Currently, the pathogenesis of diabetic cardiomyopathy has not been fully elucidated. IR causes an imbalance in glucose metabolism in the human body, leading to inflammation and oxidative stress and causing myocardial impairment. Moreover, IR induces the production of glycation products and free radicals, as well as changes in lipid metabolism, leading to dyslipidemia, as evidenced by elevated TG levels, elevated LDL-C levels, and decreased HDL-C levels. These changes in glucose and lipid metabolism may ultimately lead to myocardial injury and fibrosis.

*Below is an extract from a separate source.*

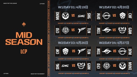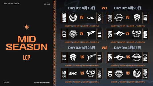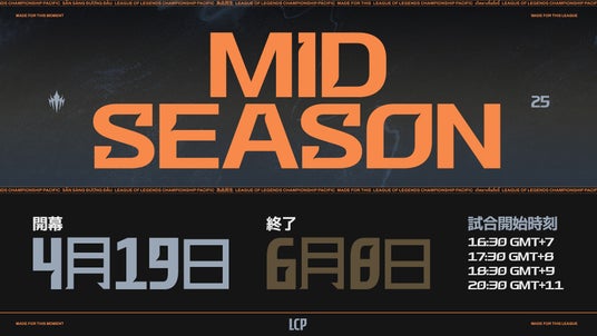 Mid Seasonは4月19日(土)~6月8日(日)にかけて行われます。LCPの各試合日の開始時間は30分早まり、日本時間18時30分となっています。

Our research suggests that a higher TyG index can indicate subclinical RV myocardial dysfunction in T2DM patients. This information can help guide clinicians in the early identification of T2DM patients at high risk of cardiovascular complications as well as in the implementation of early interventions to prevent cardiovascular events and reduce the risks of morbidity and mortality of patients. Moreover, these findings can also guide the early evaluation of the efficacy of hypoglycemic drugs in improving insulin resistance.

Limitations

First, the sample size was relatively small, so further large-scale studies are needed to validate our findings. Second, this was a cross-sectional retrospective study, and the specific causal relationship of the TyG index with reduced RV FWLS remains unclear. Third, owing to the absence of a cutoff value for the TyG index, we could not perform receiver operating characteristic curve analysis to determine a specific TyG index value that indicates subclinical RV myocardial dysfunction.

Conclusion

Our study demonstrated that an increase in the TyG index is independently associated with a decrease in RV FWLS. It is a good indicator for the early detection of subclinical RV myocardial dysfunction in T2DM patients.